Member of the Chamber of Deputies
- In office 15 May 1949 – 15 May 1953
- Constituency: 16th Departmental Group
- In office 15 May 1941 – 15 May 1945
- Constituency: 22nd Departmental Group

Personal details
- Born: 10 September 1902 Chillán, Chile
- Died: 18 July 1969 (aged 66) Santiago, Chile
- Party: Socialist Party
- Spouse: Inés Goyenechea Zegarra
- Alma mater: University of Chile
- Occupation: Lawyer and politician

= Eduardo Rodríguez Mazer =

Chilean politician (1902–1969)

Eduardo Rodríguez Mazer (10 September 1902 – 18 July 1969) was a Chilean lawyer and Socialist Party politician.

== Biography ==
=== Family and education ===
He was born in Chillán to Miguel Antonio Rodríguez Fernández and Ana Luisa Mazer. He studied at the Colegio San Pedro Nolasco and the Liceo de Hombres de Chillán, later enrolling at the University of Chile School of Law, where he earned his law degree in 1952 with the thesis Las huelgas y los conflictos colectivos del trabajo.

He married Inés Goyenechea Zegarra in Antofagasta in 1940.

=== Professional career ===
Rodríguez served as inspector of the Internado Nacional Barros Arana (1921–1924), an official of the Ministry of Education (1929–1937), and local head of the Antofagasta gold washing operations (1940–1941).

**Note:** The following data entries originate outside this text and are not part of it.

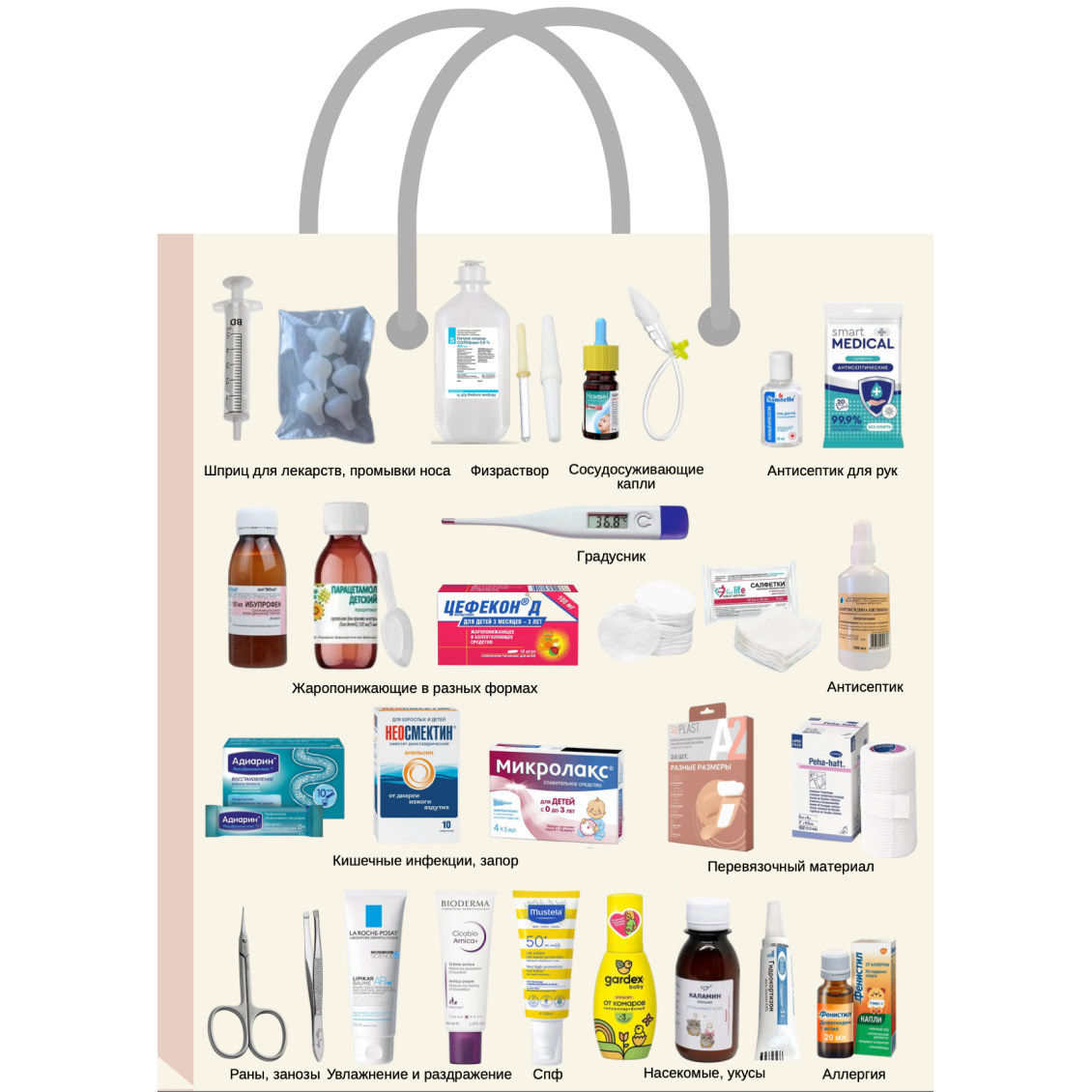 Ниже собрала аптечку по рекомендациям педиатра Александры Жуковской для канала «Легко в декрете»:
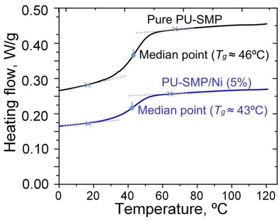 Differential Scanning Calorimetry (DSC) results of pure polyurethane-based Shape Memory Polymer (SMP) and SMP/Ni (Nickel) composite.
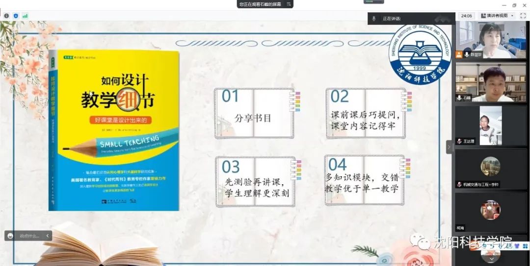 书籍是人类进步的阶梯,大学教师根据阶段性的主题任务,组建学习社区,及时开展交流,以促进和改善教师的教学、加强教师间有关学生学情的沟通与合作等活动,已经被广泛证明是行之有效的举措。在学校合格评估建设的关键时期,我校组织“沈科评好我做主”系列活动之五:学习社区——教学设计主题系列读书活动。

He held various positions in the judiciary, beginning as secretary of the Conchalí Court (1945–1949). After receiving his law degree, he became secretary and then notary of Putaendo (1954), and later Notary and Registrar of Real Estate in Los Andes (1957–1961).

== Political career ==
He was a member of the Marxist Socialist Party, which merged in 1933 to form the current Socialist Party of Chile. Rodríguez served as secretary of the party’s first Central Committee, and was part of the regional leadership in Santiago and Antofagasta. He also founded the newspaper El Socialista, published in Antofagasta.

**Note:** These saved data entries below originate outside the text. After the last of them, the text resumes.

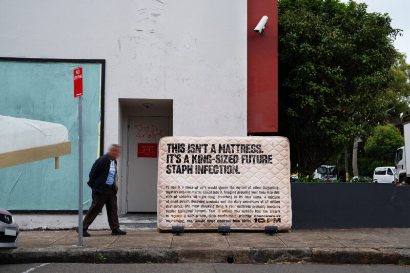 澳大利亚每年有超过180万张含有细菌和皮肤细胞的床垫被非法丢弃,该运动利用了这一发现,处决者将10PM的澳大利亚制造的杀菌床垫定位为明显的解药。
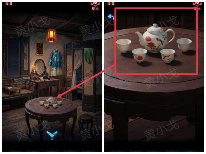 6.点击茶几上的茶具,注意茶具上印着的花鸟图案的数量
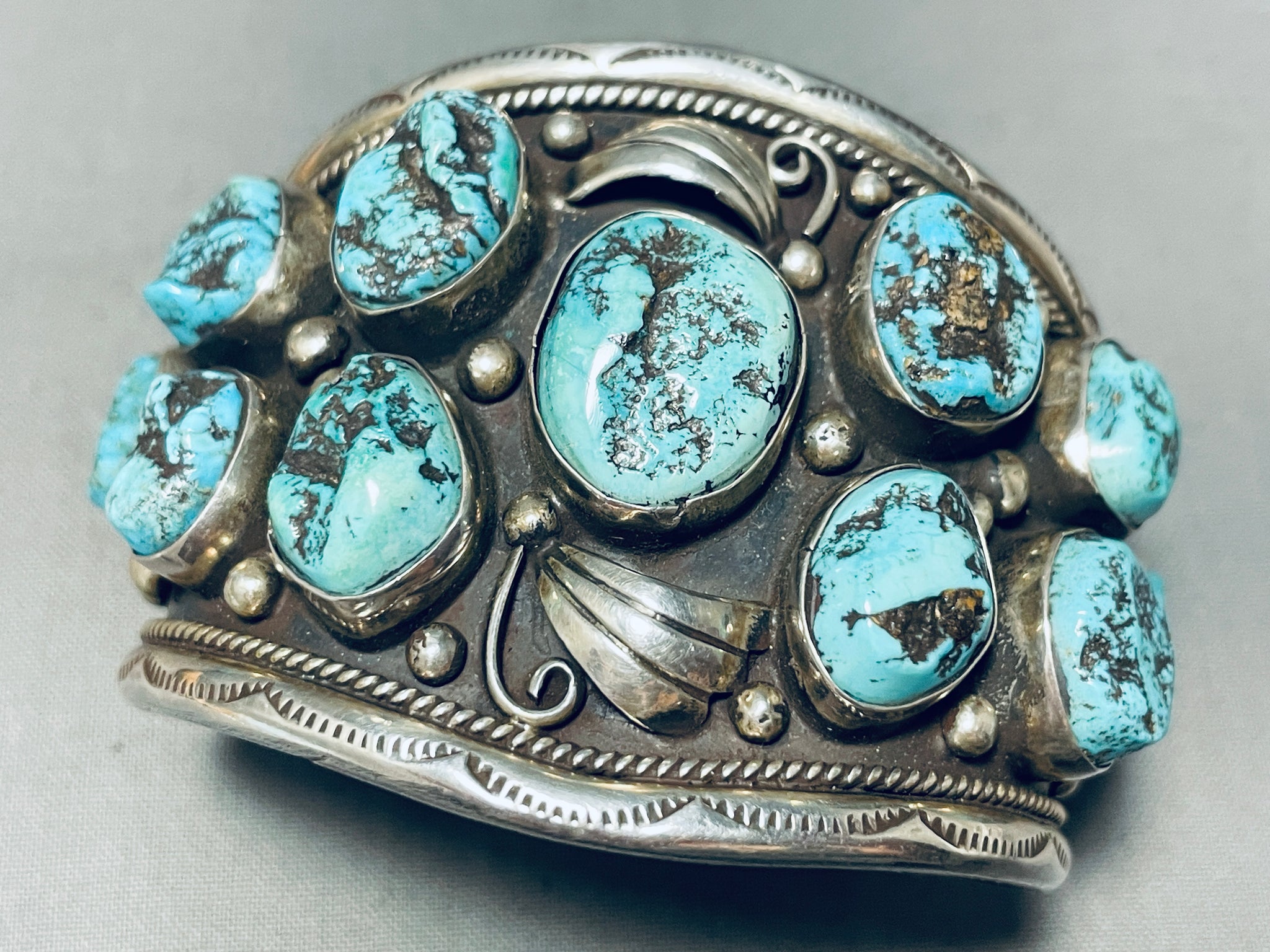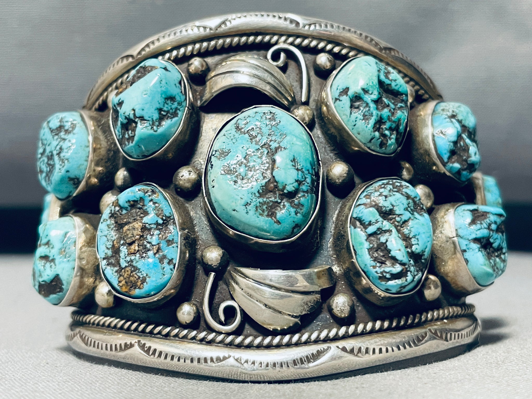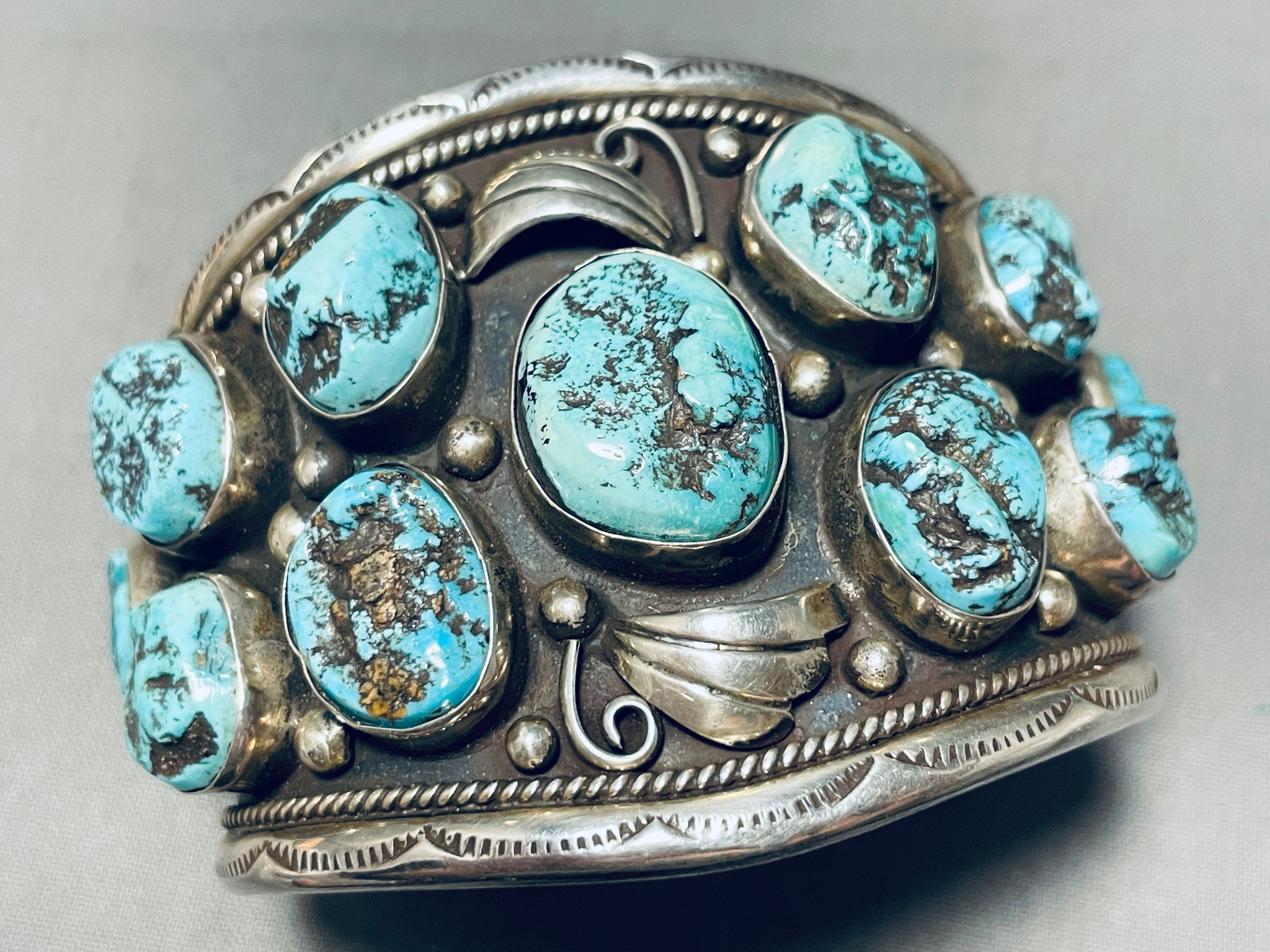 Colossal Vintage Native American Navajo Turquoise Sterling Silver Bracelet

In the 1941 Chilean parliamentary election he was elected Deputy for the 22nd Departmental Group (Valdivia, La Unión, Río Bueno) for the 1941–1945 term, joining the Committee on Constitution, Legislation and Justice.

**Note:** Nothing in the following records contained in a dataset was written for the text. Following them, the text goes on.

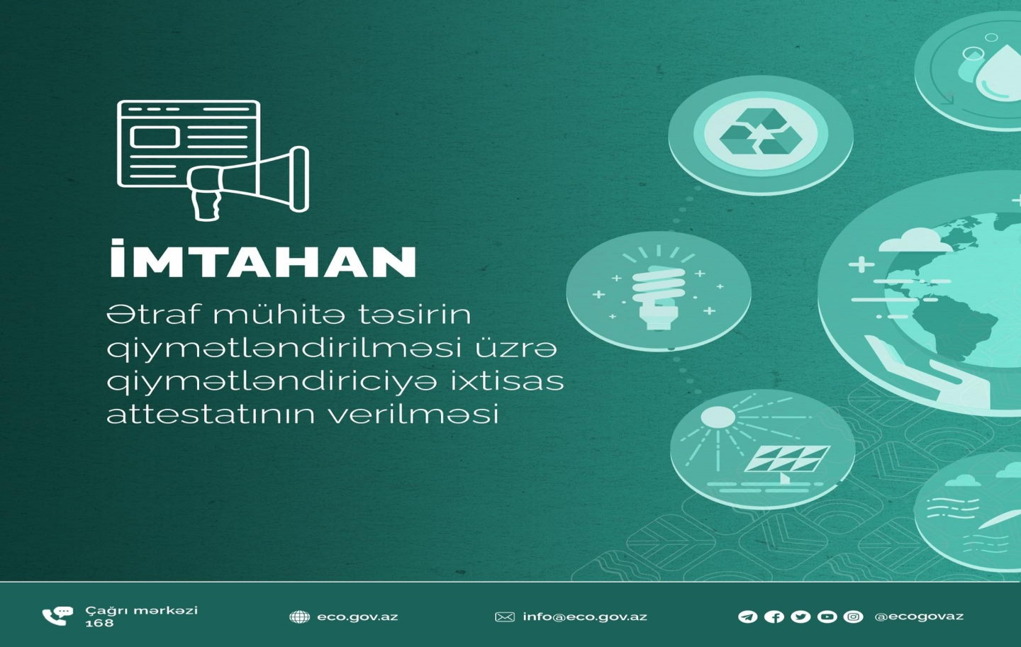 Ətraf mühitə təsirin qiymətləndirilməsi üzrə qiymətləndiriciyə ixtisas attestatının verilməsi məqsədilə imtahan keçiriləcək29 sentyabr 2023-cü il, saat 10:00 tarixində Azərbaycan Respublikası Nazirlər Kabinetinin 2019-cu il 27 noyabr tarixli 457 nömrəli Qərarı ilə təsdiq edilmiş “Ətraf mühitə təsirin qiymətləndirilməsi üzrə qiymətləndiricilərin ixtisas attestatının forması və attestatın verilməsi, qüvvədəolma müddətinin dayandırılması və ya onun ləğv edilməsi, eləcə də ətraf mühitə təsirin qiymətləndirilməsi üzrə qiymətləndiricilərin və ətraf mühitə təsirin qiymətləndirilməsi üzrə təşkilatların reyestrinin aparılması və onların fəaliyyətinə nəzarətin həyata keçirilməsi” Qaydasının tələblərinə uyğun olaraq ixtisas attestatının verilməsi məqsədilə Azərbaycan Dövlət İqtisad Universitetində imtahan keçiriləcək.
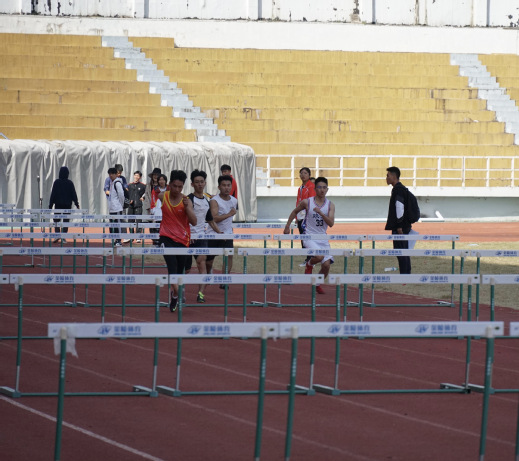 运动员们拉伸,高抬腿,增强身体的韧性以及下肢的力量感,为接下来的比赛做准备。在起点处热身的运动员们已经准备就绪,他们神情专注地等待着比赛开始。一声枪响,比赛拉开序幕。冷平朝第一个栏杆冲去,速度不减,跨越,落地,冲刺一气呵成。领先的冷平丝毫不敢懈怠,他保持着最好的状态直至冲过终点。100米跨栏比赛中凌王菲虽稍有落后,但她迅速调整好状态后冲向终点。
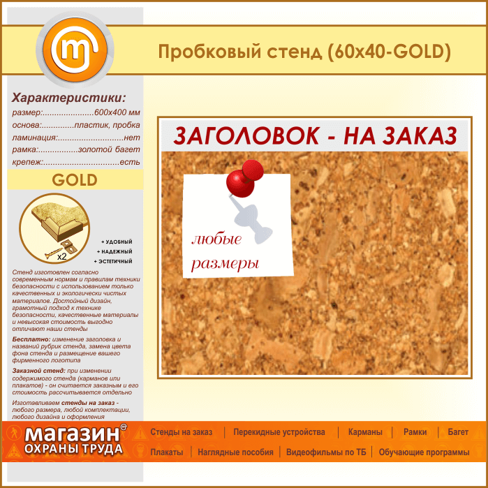 Пробковая доска с заголовком, 60х40 см (IN-06-GOLD) в Ижевске купить

He was elected again in the 1949 Chilean parliamentary election, this time representing the 16th Departmental Group (Chillán, Bulnes, Yungay) for the 1949–1953 term, serving on the Committee on Foreign Relations.

== Bibliography ==
- Castillo Infante, Fernando. Diccionario Histórico y Biográfico de Chile. Zig-Zag, 6th ed., Santiago, 1996.
- Urzúa Valenzuela, Germán. Historia Política de Chile y su Evolución Electoral desde 1810 a 1992. Editorial Jurídica de Chile, 3rd ed., Santiago, 1992.